Shellharbour nurse Nadia Rodriguez, a NSW Nurses and Midwives Association member, said patients claimed the new product did not provide the same level of warmth or comfort as the traditional blankets.
‘’In the last several months the blue blankets have been steadily replacing the white blankets at Shellharbour and are now in use across most wards,’’ she said.
‘’There was no communication with staff over the change – the blankets just appeared. There’s been a lot of complaints from patients, particularly frail, elderly patients, who say they’re not warm enough.
‘’They ask for an extra blanket but then are finding that the two blankets are quite heavy on them. You can definitely feel the difference in weight while carrying them.’’
A spokeswoman for HealthShare NSW, which manages the supply of linen to NSW’s public hospitals, said the blue blankets were gradually being introduced as part of a move to ‘’new, improved and innovative’’ products.
She said feedback from hospital management and patients had been ‘’positive’’.
‘’The new blankets are made of an advanced long chain polyester, are flame retardant, environmentally friendly and more comfortable for patients,’’ the spokeswoman said.
‘’The new blankets are less likely than cotton blankets to release fibres that can transfer to patient wounds, affecting healing.

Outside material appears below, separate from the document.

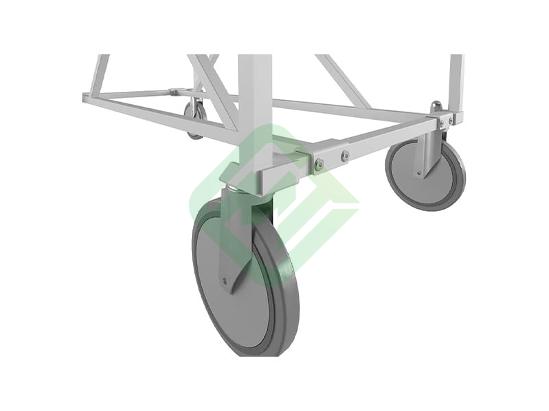- Основание установлено на 4 поворотных самоориентирующихся колеса из немаркой серой резины, 2 с индивидуальным тормозом

They are also less likely to harbour bacteria and odours.’’
The spokeswoman also maintained that the new blankets were warmer; citing tests by the Australian Wool Testing Authority which demonstrated they had have superior heat entrapment and 50 per cent less static build-up than the white cotton blankets.

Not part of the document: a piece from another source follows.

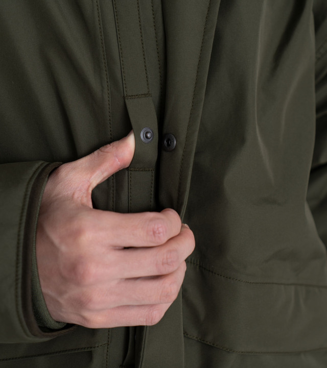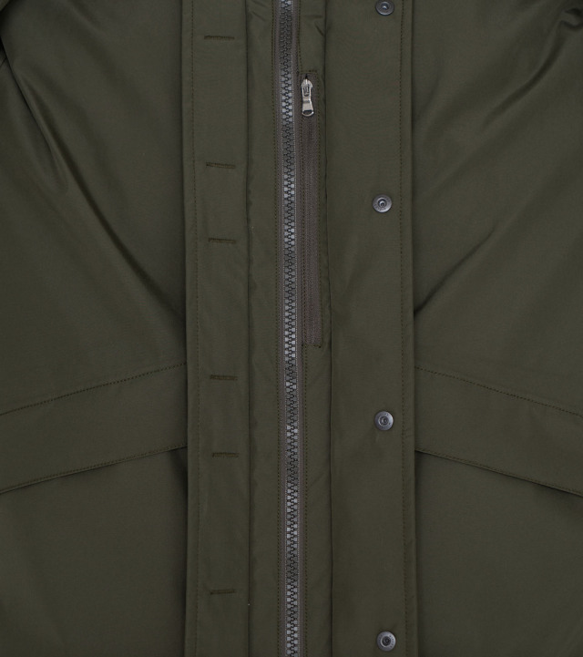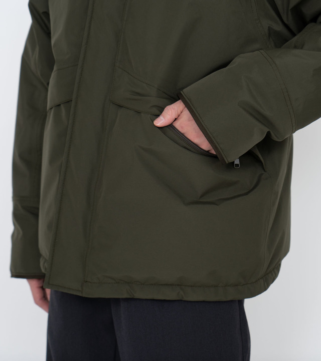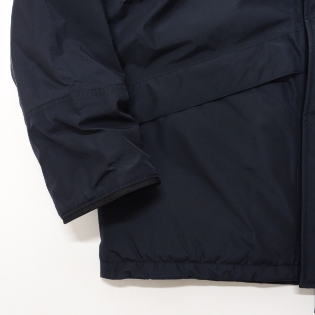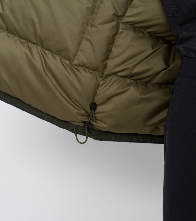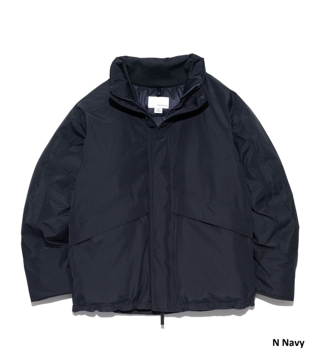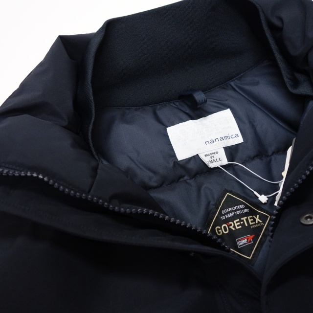 ・ショート丈のスタンドカラーダウンジャケットです。表地には防水透湿素材の2L Polyester GORE-TEX Fabricsを使用し、裏地にはポリエステルリップストップを使用。フロントは片手でもドットボタンが留められるワンハンドスナップ仕様です。

However Wollongong MP Paul Scully and Labor’s health spokesman Walt Secord called the introduction of the new product ‘’another health stuff-up’’ by the state government.
‘’There is so much need in the area of health and hospitals in the Illawarra and South Coast but again we see another example of waste and mismanagement,’’ Mr Scully said.
‘’Patients know best. They know when they are cold. Just imagine being an elderly patient who has just had a hip replacement with very limited mobility – being told by a health bureaucrat that you are not cold.
‘’Furthermore, the extra blankets mean the patients are pinned down under the weight.’’
Mr Secord said complaints about the inadequacy of the blankets had been made at Illawarra hospitals, and further south at hospitals in Moruya and Bega.
He said as well as the lack of warmth and heavy weight, patients also complained of uncomfortable static friction between the blankets – which was giving them little shocks.
“Staff have advised us that the new linen just appeared and they were instructed to start using them,’’ he said. ‘’No-one asked for the change. The blankets just appeared, but it quickly became apparent that the purchase had not been properly investigated.”
As well as the Illawarra hospitals, the new blankets are now in use throughout Southern NSW, Murrumbidgee, Central Coast, Greater Western and Mid North Coast local health districts.